By their way of life you offer us an example, by communion with them you
give us companionship, and by their intercession, sure support.

This is all part of what we mean when we say each Sunday in the Creed that we believe in the Communion of Saints.  As members of the community of faith which we call the Church, we all belong to each other and are responsible for each other.  Death does not change this - and our brothers and sisters who have gone before us live out this belonging to us and this care for us by their constant prayer for us.  In tomorrow's canonisation, the Church will confirm for us in a definitive way what so many have believed for so long: that Mother Teresa is among this number, that we can turn to her and ask her to pray for us, and that she is a sure guide for us to follow. 

If canonisation means that a person is in heaven, what can Mother Teresa possibly have meant when she said, that, if she were to become a saint, she would be continuously absent from heaven?  Of course she was not speaking literally, but figuratively.  In a sense it seems to me she was trying to say that what had been at the core of her life on earth - to see and serve Jesus in the poorest and most abandoned of people - would continue to be at the core of her life in heaven.  Her passionate love for Christ always found expression in her tender love for the discarded and forgotten people.  It was her way to heaven - and it is her way in heaven.

Mother Teresa's desire to light a light for those in darkness on earth has, of course, taken on a deeper significance with the revelation that for most of her life as the founder of the Missionaries of Charity, Mother Teresa lived without any real sense of the presence of Christ in her life.  In our Catholic tradition we speak of this as “the dark night of the soul”.  It is a confusing and troubling reality, but one which so many people, both saints and sinners, experience.  In the mystery of what are to us God’s strange ways, God often seems to withdraw from those who seek to serve him, leaving them with no sense of his presence or his sustaining love.  It is an extraordinary challenge to someone’s faith.  To feel abandoned, or forgotten or cast aside is indeed to be left in the dark and even lost in the dark.  This was the painful reality of Mother Teresa’s life – and yet she remained faithful.

A saint is one who lives his or her life of discipleship of Jesus with heroism, with courage and with faith.  We are all called to this discipleship but we are often tempted to pick and choose which aspects of Jesus we will follow.  And for many of us, for much of the time, it is the journey to Calvary and the mounting of the cross which we try to avoid at any cost.  And yet, it is through the cross that we are saved and that the love of Christ is poured into our hearts.  Mother Teresa instinctively knew this – and perhaps it was her own dark night of the soul which enabled her to have such deep compassion for others who were experiencing a different kind of abandonment, or lost-ness, and of darkness. 

In Saint Mark’s story of the death of Jesus, the last words Jesus speaks are these: My God, my God why have you abandoned me?  In Saint Luke’s story the last words of Jesus are different: Father into your hands I entrust my spirit.  While these two expressions might seem contradictory – one a cry of abandonment and the other a cry of trusting faith – we see in Jesus that it is possible, and even necessary, to hold the two together.
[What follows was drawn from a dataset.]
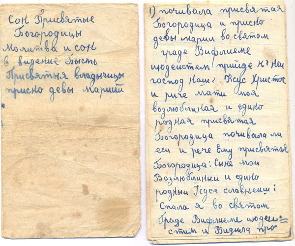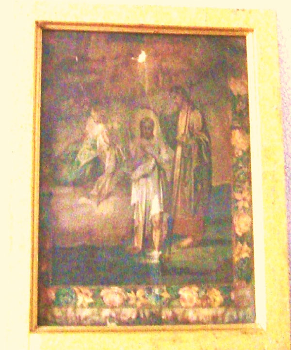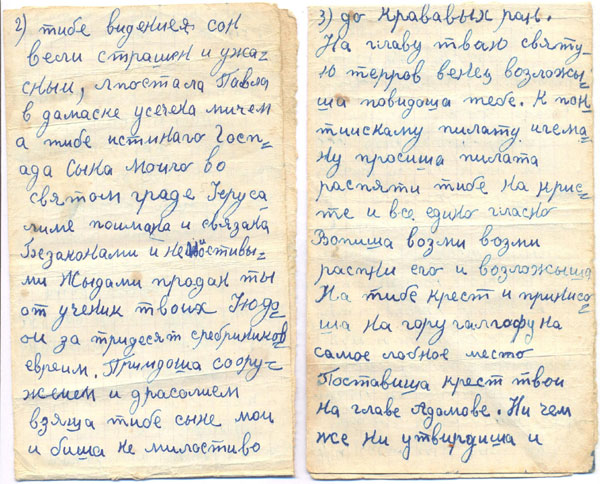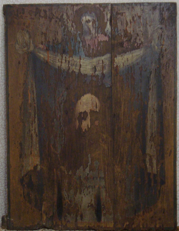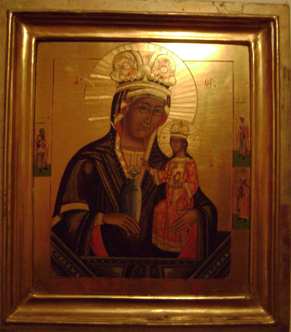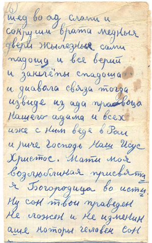 Икона. Иногда образ на иконах «понавленный», то есть реставрированный, всё-таки иконам более трёхсот лет. Сначала на дерево накладывали грунт, а только потом краску. Под образа отводится в доме красный угол. В России старообрядцы не имели права строить храмы. Их церкви должны были выглядеть как обычные дома – даже в те времена, когда охота на раскольников давно закончилась. Церковь у них называется собором. «Собор отдельно не выпячивается, потому что это – жилой дом. Хотели строить отдельный дом. Но креста над ним всё равно бы не было, это скрывается. В соборе иконы не стоят всё время открытые, за занавесью». В приложении 4, лист 1 - старообрядческая икона. Младенец показывает двоеперстие.

In his pain and fear, Jesus truly felt abandoned by God, but at a deeper level, he knew that only an abandonment of himself in trusting faith to his Father in heaven could make any sense of his life and his death.  Mother Teresa, as a faithful disciple of Jesus, experienced the same seeming contradiction in her own life and she too found a way, through the grace of God, to hold her darkness and her hope together in an extraordinary life of generosity and fidelity. 

In our moments of deep pain, confusion and doubt we too, with Mother Teresa and in union with Jesus, can also cry out: My God, my God why have you abandoned me?  At such times may the Lord grant us the grace to also say, “Father into your hands I entrust everything.  Jesus, I trust in you.